Insensible a las alternativas de bienes y males que se suceden en su destino, libre de todos los elevados egoísmos de pretensiones en el cielo, descubre los velos de toda ilusión individual; lo que considera casi su ilusión principal. Todo lo que vive todo lo que sufre está igualmente cerca de su corazón. Concibe el conjunto de las cosas, su esencia, su eterno flujo, los vanos esfuerzos, las luchas interiores y los sufrimientos sin fin; por todas partes a donde vuelva la mirada ve el hombre que sufre, el animal que sufre, y un mundo que se desvanece eternamente; en el que los remedios son vacuidades de las miles de religiones. Inventos cada cual más deplorable al pensamiento, inductores a la náusea que aterroriza el vivir. Desde entonces únense a los dolores del mundo más estrechamente que el egoísta a su propia persona. Se instala en el dolor. Se olvida de virtudes y pecados. No escucha premios y castigos. Se ahoga de pena porque sabe que “su reino” está necesariamente en este su mundo asqueroso.

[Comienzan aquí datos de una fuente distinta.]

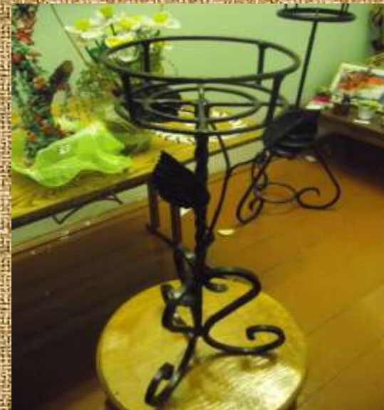
“Підставка під вазон” Техніка виконання гнуття металу.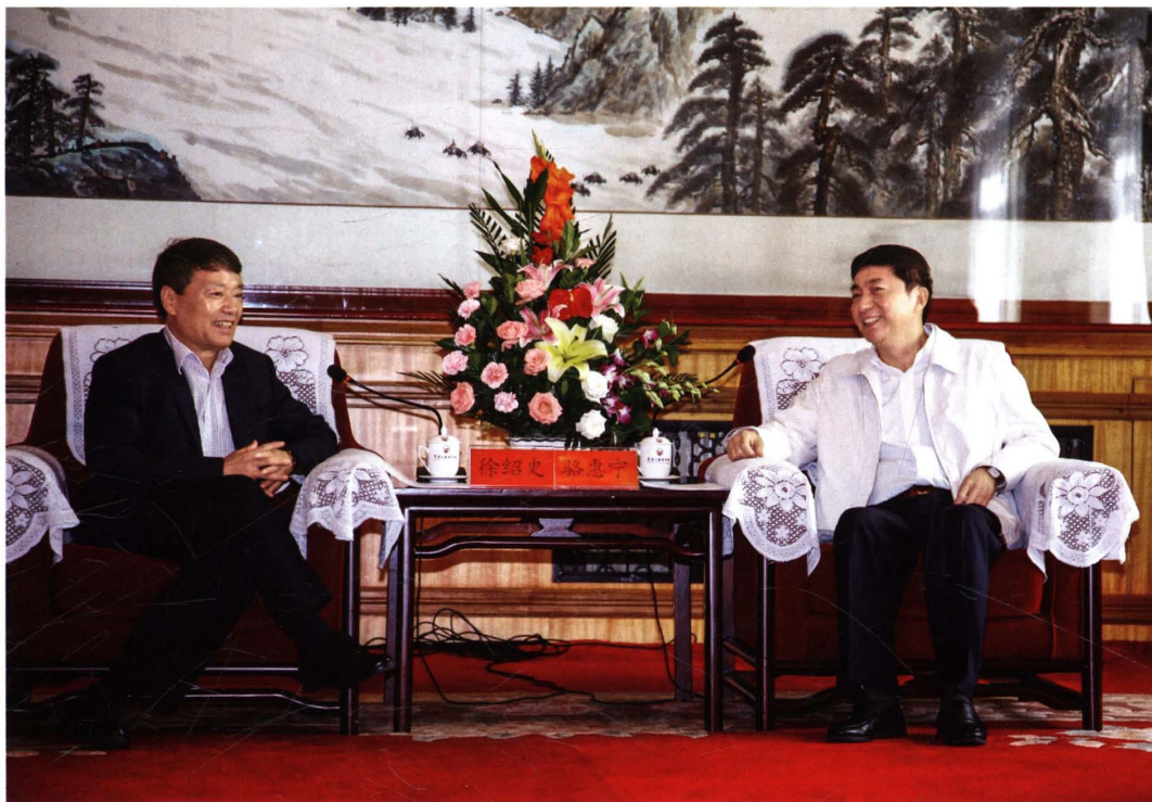
2012年8月23日,省委副书记、省长骆惠宁会见国土资源部部长、党组书记、国家土地总督察徐绍史,双方进行亲切交谈。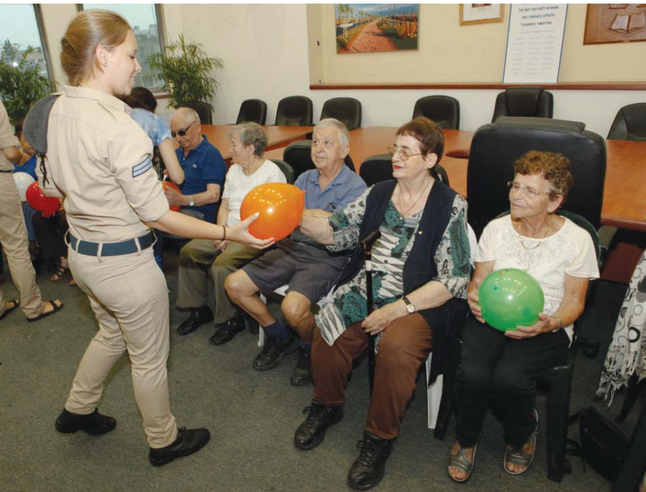
חיילות צה"ל המתנדבות חולקות רגעים של משחק עם הניצולים ברחובות.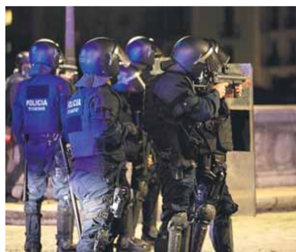
Antiavalots dels Mossos en una protesta a Girona ■ Q. PUIG

Una de les grans novetats, impulsada per la CUP, és aprovar una modificació legislativa per garantir que la Generalitat "no participi en acusa-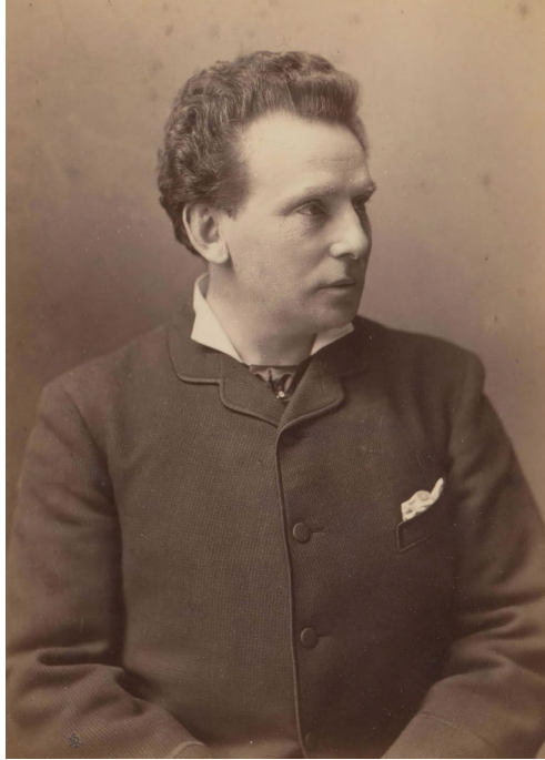
Abb. 7: Ernst Possart als junger Mann.

Die Agonie und der Kontrollverlust des Körpers inszenierte Possart in seiner autobiografischen Rückschau immer in Relation zum vermeintlich schöneren, gewandteren und mächtigeren Körper eines Anderen. Es war ein machtpolitisches Gefälle, das hier gleichsam den Raum zwischen Himmel und Erde umspannte und damit ein ästhetisches Gefälle zwischen Vorbild und Selbstbild verband. Deshalb kam es wohl zur wiederkehrenden Überprüfung der angenommenen Inkongruenz des eigenen Körperbilds im Spiegel und im Blick des Anderen. Ganz explizit wird dieses ›Spiegelstadium‹, als Possart, angestachelt durch seine erste Begegnung mit einem Schauspieler, seinen Blick auf ein Foto seiner selbst richtete, welches ihn als Kind im Sonntagsanzug zeigte. Er beschrieb den Anblick den das Foto bot.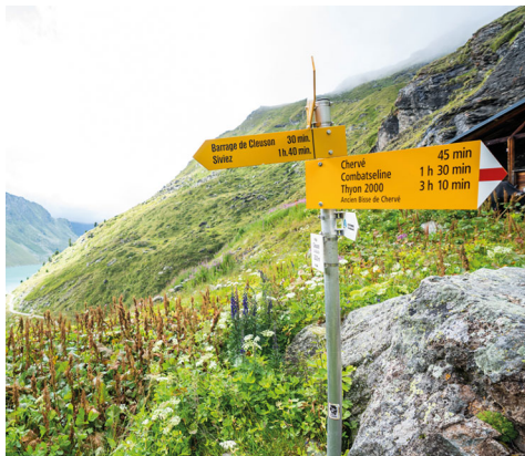
Genug Zeit, um die Aussicht zu geniessen.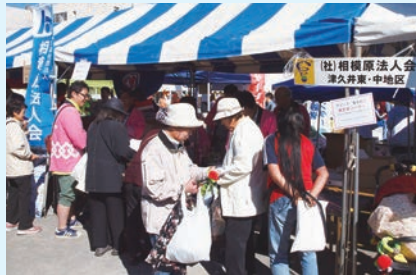
津久井やまびこまつりの様子 10/25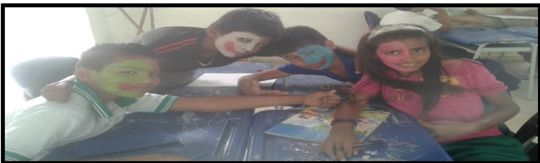
Los Cuatro Turbantes

Admira desde la vaciedad que observa, todas las formas ascetismo y misticismo; pero no entendidos como encerrados en una cueva llena de gente con las manos unidas y elevadas como en grecas figuras, ¡no!; se trata de una introspección en el todo uno del género humano, que de momento es ignorancia y sufrimiento y en cuanto a misticismo mas se ignora porque eso está todo en el terreno de la suposición y la fe. Todo lo demasiado, no de este mundo, le afecta al hombre íntegro, y de amargura, “se seca como un pejín”. Las contemplaciones y esperanzas  baldías, estériles del mas allá. Todo lo demasiado fácil que se espera conseguir en la gratuita oración (Dios no necesita oír que es guapo, que es fuerte, que es el amo; no necesita ver desalado a un pobre diablo para Él ser feliz).

El hombre bueno es el de sin monsergas. Es el que ante sí se ha levantado el velo de maya. Esto de maya utilizado como metáfora. Imposible ser religioso y siquiera parecerse al hombre aquí  definido; porque yo aun en la antípoda de cualquier secta, por lo tanto sin haber tratado jamás de mentir a Dios, “soy malo” (sin ser religioso) y lo asumo. Cuanto daría por conocer un ser humano como el descrito: bueno. No santo. ¡¡Santos no por favor!!